During a search for new anti-tuberculosis agents, a screen of a commercially available library provided a hit nitrofuranyl amide. This hit was selected for further development due to its potential as an anti-tuberculosis agent with a novel mechanism of action, and its potential for activity against both actively growing and latent bacteria. This review covers the optimization of this lead and the strategies applied for developing this series into anti-tuberculosis agents. To optimize the hit, a series of libraries were synthesized, producing several compounds that showed increased anti-tuberculosis activity along with a strong structure activity relationship. The most active compounds from the first optimization series showed good in vitro anti-tuberculosis activity and limited in vivo efficacy, but their application was restricted due to solubility problems. Therefore, a second generation optimization library was designed and synthesized in order to increase bioavailability and solubility while maintaining good anti-tuberculosis activity. Hydrophilic cyclic secondary amines were substituted to the core scaffold and a benzyl piperazine substitution was found to be most effective in achieving improved solubility and potent anti-tuberculosis activity. However, bioactivity studies of these 2nd generation leads showed that the in vivo anti-tuberculosis activity of these compounds was limited due to rapid metabolism. Consequently, a 3rd generation of compounds was designed and synthesized in which potential sites of metabolism were blocked.

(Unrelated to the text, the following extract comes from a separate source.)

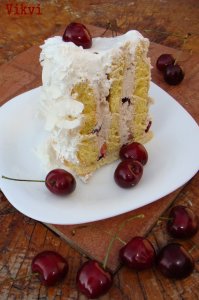 A kapcsos torta formát, összerakom. Az aljába, beleteszem az omlós lapot. A 6 piskóta csíkot lekenem a krémmel. Majd elkezdem az egyik csíkot feltekerni. Egy csigát kapok. Ezt az omlós tészta közepére teszem. Folytatólagosan, rátekerem a maradék piskóta csíkokat. Ez kiad egy 26 cm-es tortát. Kicsit a hűtőbe teszem dermedni. Majd leveszem a torta formát. Gond nélkül, átemeltem az alsó részről is, egy tálcára. 3 dl felvert tejszínhabbal díszítem, valamint az oldalára kókusz chipszet tapasztottam. Ez biztosan jobban mutat, egy sötét tortán. Viszont a cseresznye – kókusz párosa isteni. Csokoládéból díszt készítettem a tetejére.
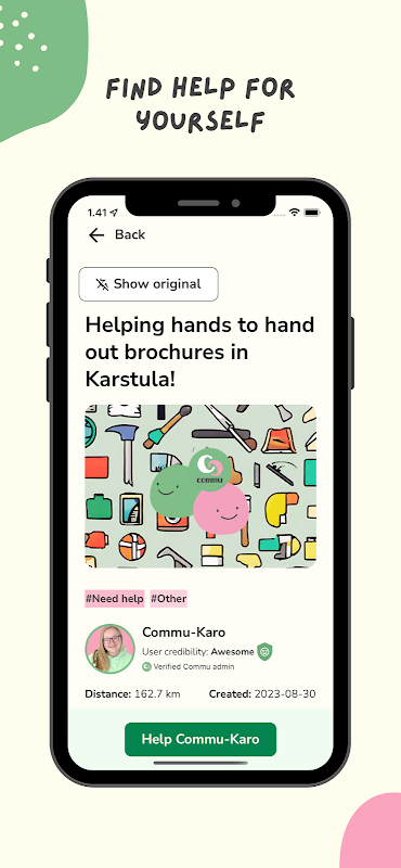 Commu สร้างขึ้นโดยผู้ประกอบการรุ่นเยาว์ชาวฟินแลนด์ เรามีภารกิจลดเกณฑ์การขอความช่วยเหลือและให้ความช่วยเหลือ เราเปิดตัวแอปในเดือนพฤษภาคม 2021 และปรับปรุงอย่างต่อเนื่องตามความคิดเห็นของผู้ใช้ หากคุณสังเกตเห็นข้อบกพร่องหรือต้องการแสดงความคิดเห็น คุณสามารถส่งข้อความถึงเราภายใน Commu หรือทางอีเมล [email protected]

Synthesis of new and potent analogues of anti-tuberculosis agent 5-nitro-furan-2-carboxylic acid 4-(4-benzyl-piperazin-1-yl)-benzylamide with improved bioavailability.

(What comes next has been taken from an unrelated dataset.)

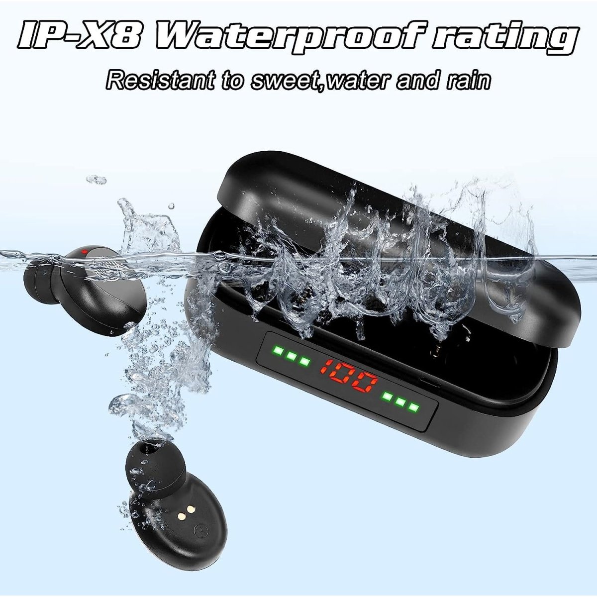 UrbanX Q350 Universal Wireless Earbuds in Ear Bluetooth Headphones with Microphone & Digital Display IPX7 Waterproof Deep Bass Bluetooth Earbuds for Sport Work & Music

Previously, the lead compound 5-nitro-furan-2-carboxylic acid 4-(4-benzyl-piperazin-1-yl)-benzylamide was identified in our anti-tuberculosis drug discovery program. Although this compound demonstrated excellent in vitro activity, it did not meet the expected in vivo profiles due to structural features that resulted in rapid metabolic cleavage and poor absorption, which therefore limited its bioavailability. In efforts to increase the bioavailability, a new series of analogues was successfully synthesized using three modification schemes: replacement of the benzyl group on the piperazine C-ring with carbamate and urea functional groups; introduction of a nitrogen atom into the aromatic ring-B; and expansion of the ring-B to a bicyclic tetrahydroisoquinoline moiety. These modifications retained strong activity and in some case gained superior anti-tuberculosis activity, increased absorption, and serum half life.